Естественно, что в картине было много недостатков. Диалог сценария недостаточно раскрывал психологию образов, не обострял между ними конфликтов, не доносил до зрителя глубину чувств и мыслей героев.
«Конвейер смерти». Киноплакат
Монтаж был коротким, быстрым, рваным – последний крик моды немого кинематографа.
При подборе актеров на роли основное внимание (как и в немом кино) обращалось на чисто внешние, типажные данные. Им придавалось больше значения, чем актерскому мастерству.
Метод работы с актером тоже не отличался от принятого в немом кино. Как правило, это была импровизация перед съемочным аппаратом. Если учесть, что техника звукозаписи в то время была еще полукустарной (для того чтобы снять небольшую разговорную сцену в 10–12 метров, нужен был целый съемочный день напряженной работы), то будет вполне понятно, что смог сделать актер в маленьком, душном, плохо защищенном от шума павильоне, при беспрерывном шипении углей прожекторов, частых обрывах несовершенного звукозаписывающего «волоска» (нити осциллографа) и т. п.
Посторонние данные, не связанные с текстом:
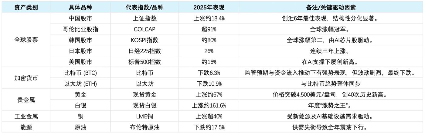 2025年全球金融市场在人工智能(AI)浪潮的席卷下呈现出显著的“科技牛市”特征。盛宴之下,加密货币市场却呈现出显著的“遇冷”与背离态势。其核心原因在于宏观滞胀风险与突发性黑天鹅事件的双重压制,完全覆盖了市场结构深化(机构化、合规化)带来的长期利好。2026年多重基本面、宏观政策与地缘政治变量正在悄然生变,预示着2026年的投资环境可能更为复杂。
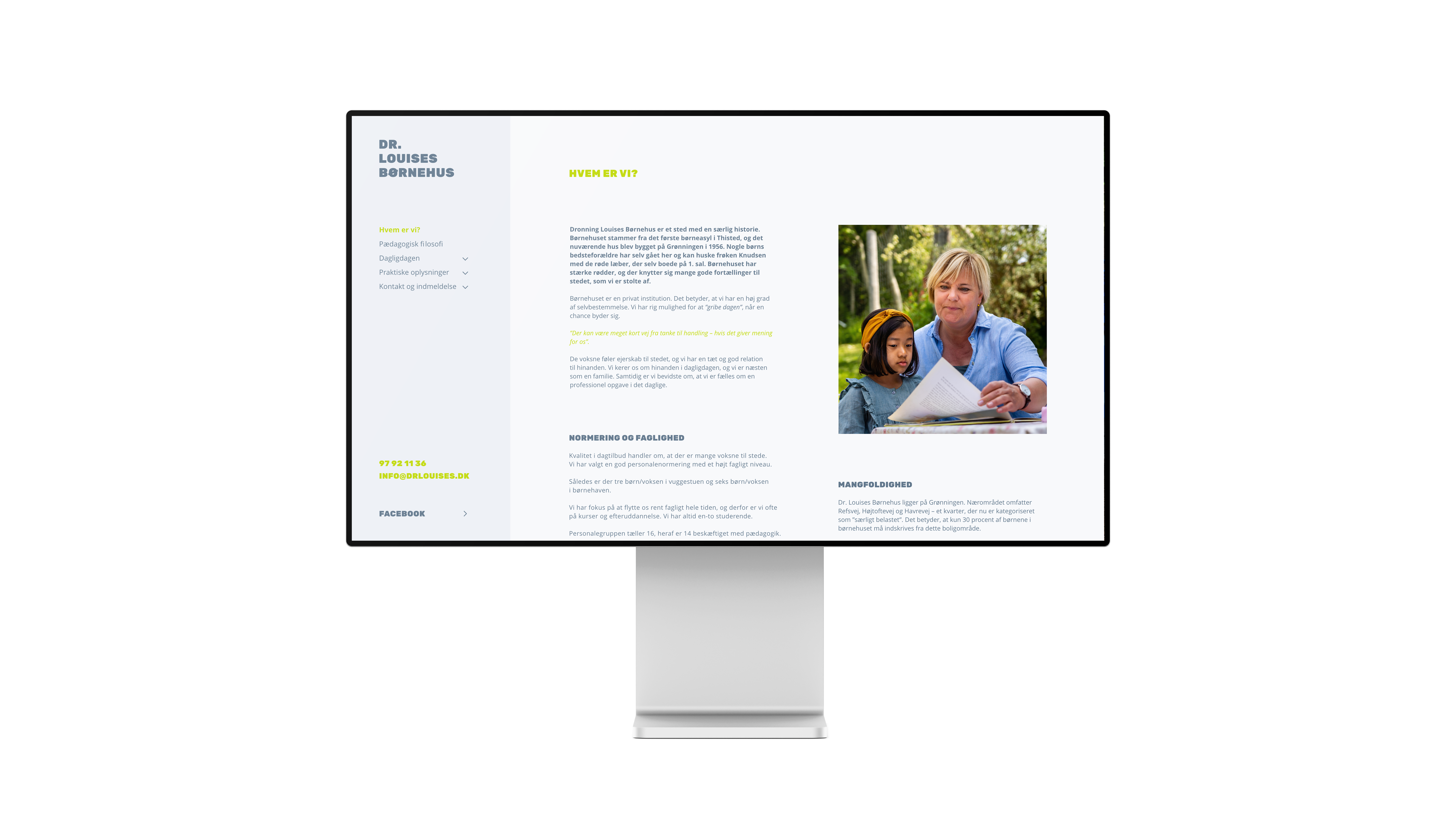 Dr. Louises nye site er nutidigt og friskt i sit udtryk. Nye billeder af dagligdagen i og udenfor huset samt et nyt defineret farveunivers er med til, at puste liv i den historiske daginstitution.

Все это отражалось на качестве актерской работы. Образы получались неживые, схематичные, вымученные. Следуя традиции немого кино, за актера играли режиссер и его монтажные ножницы…
На «Конвейере смерти» мне впервые пришлось столкнуться с музыкой. Молодой композитор С. Ряузов еще не имел достаточного творческого опыта. Музыки он написал много. Сокращать и резать ее я боялся, отчего некоторые сцены оказались излишне затянутыми. Фильм получился длинный, что-то около 3250 метров. Когда он вышел на экраны, то я, по просьбе некоторых директоров кинотеатров, делал прямо во время демонстрации сокращения фильма.
Поверхностное знание зарубежной жизни привело к тому, что фильм был лишен единого стилевого решения. Декорации известного художника В. Егорова были сделаны в резко условной манере, на этот путь они толкали и режиссуру. Но, помимо декораций, в фильме были предусмотрены натурные съемки большого иностранного города. Натуру не удалось соединить с декорациями, в результате получилась эклектика. Здесь был и гротеск, и плакат, и импрессионизм, и натурализм.
Почти два года (начиная со сценария) делался «Конвейер смерти». Для меня он стал хорошей режиссерской школой. В результате долгой работы над сценарием я научился в какой-то мере понимать драматургию. Непосредственно работая со съемочной камерой, я изучил композицию кадра. Около трех месяцев я провел за монтажным столом, самостоятельно монтируя всю картину, и в результате научился неплохо монтировать.
На этой картине я впервые освоил звук, познал трудности и прекрасные возможности музыки. Впервые столкнувшись с большими массовками, я научился работать и с массой.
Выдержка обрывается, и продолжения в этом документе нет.